The spending figure is large enough to show how quickly surveillance has become a line item rather than an emergency measure. The report singles out Nigeria as the biggest buyer, saying it invested $470m in 10,000 “smart cameras”, while Egypt has installed 6,000 and Algeria and Uganda about 5,000 each. Researchers say governments market the systems as “smart city” infrastructure and crime-reduction tools for fast-growing urban areas.
The report’s central claim is not that surveillance exists, but that it is being deployed with weak constraints on what data is collected, how long it is stored, and who can access it. Wairagala Wakabi of Uganda-based policy group Cipesa argues the systems are not “legal, necessary or proportionate” to the stated security aims, and says the effect is to chill movement and expression as people assume they may be identified and catalogued in public space. The Guardian notes allegations that surveillance systems were used during Kenya’s gen Z-led protests and that activists in Uganda have raised concerns about facial recognition being used to monitor opponents.
The second-order effect is that the technology changes the price of political control. A government that previously needed large numbers of informants, police time and manual paperwork can shift to automated identification, searchable databases and replayable footage. That lowers operational costs and raises the odds that protest organisers, journalists and dissidents can be mapped through their networks rather than through a single arrest.

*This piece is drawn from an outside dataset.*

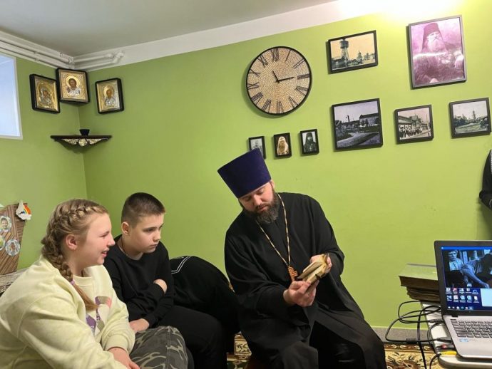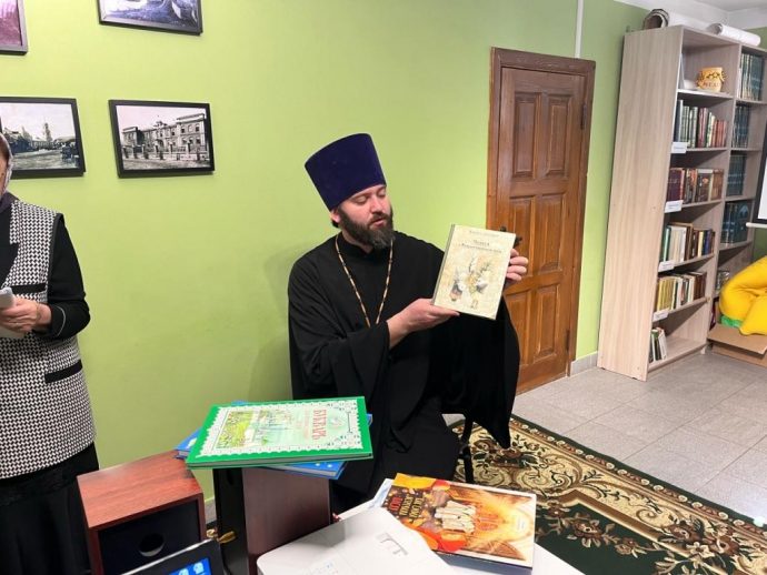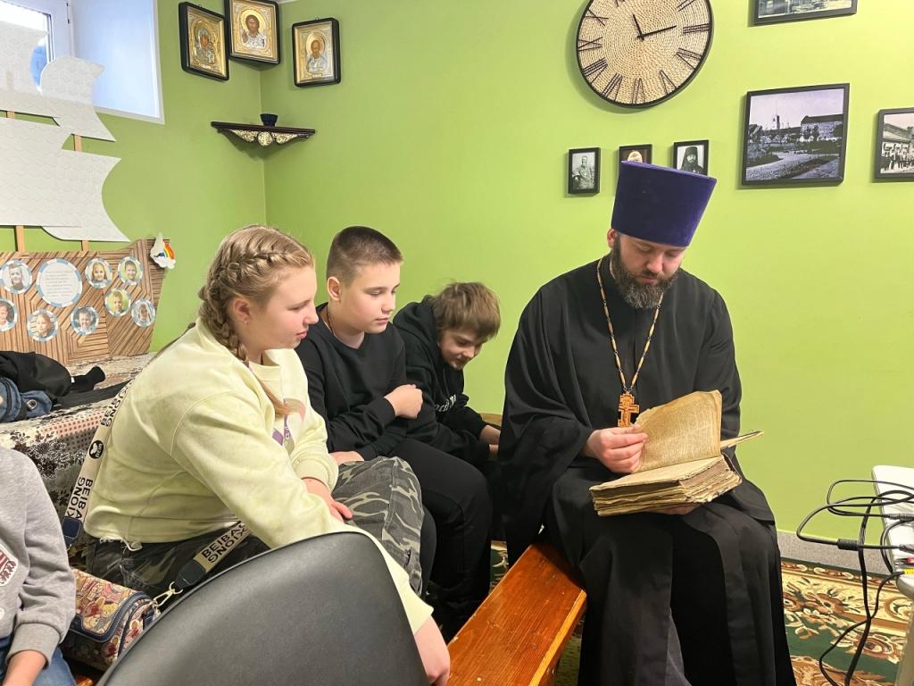 Настоятель Никольского храма иерей Иоанн Колонтаев показал ребятам старинные книги, хранящиеся в приходской библиотеке: Библию, Новый Завет, написанную от руки Псалтирь. Ребята рассматривали страницы древних изданий, изучали особенности церковнославянского шрифта и пытались читать на нем.

The report also warns that “regulation” can become a stamp of legitimacy rather than a constraint. Georgetown University assistant professor Bulelani Jili argues that surveillance of online activity has often been legalised through laws that criminalise ordinary posts, and that adding legal frameworks can simply give governments a compliance narrative while the systems become embedded in policing and intelligence practice.
For vendors, the commercial logic is familiar: sell a scalable platform, add ongoing maintenance, training and upgrades, and make switching expensive once cameras, databases and identity systems are integrated into daily operations. For governments, the procurement pitch is equally standard: modernisation, crime prevention and national security, with the political upside of better control and the fiscal upside of automating what used to be labour-intensive.
The report’s numbers are specific, but the broader pattern is portable. Once facial recognition and biometric databases become routine in one jurisdiction, they are packaged as “best practice” elsewhere—especially when public procurement rewards systems that promise fewer headlines and faster identification. The technology may be sold as infrastructure, but its value is measured in how cheaply a state can find people.
Nigeria’s 10,000-camera project is presented as a security upgrade. The report’s authors describe it as a reminder that the same camera that spots a stolen car can also compile a list of faces at a protest.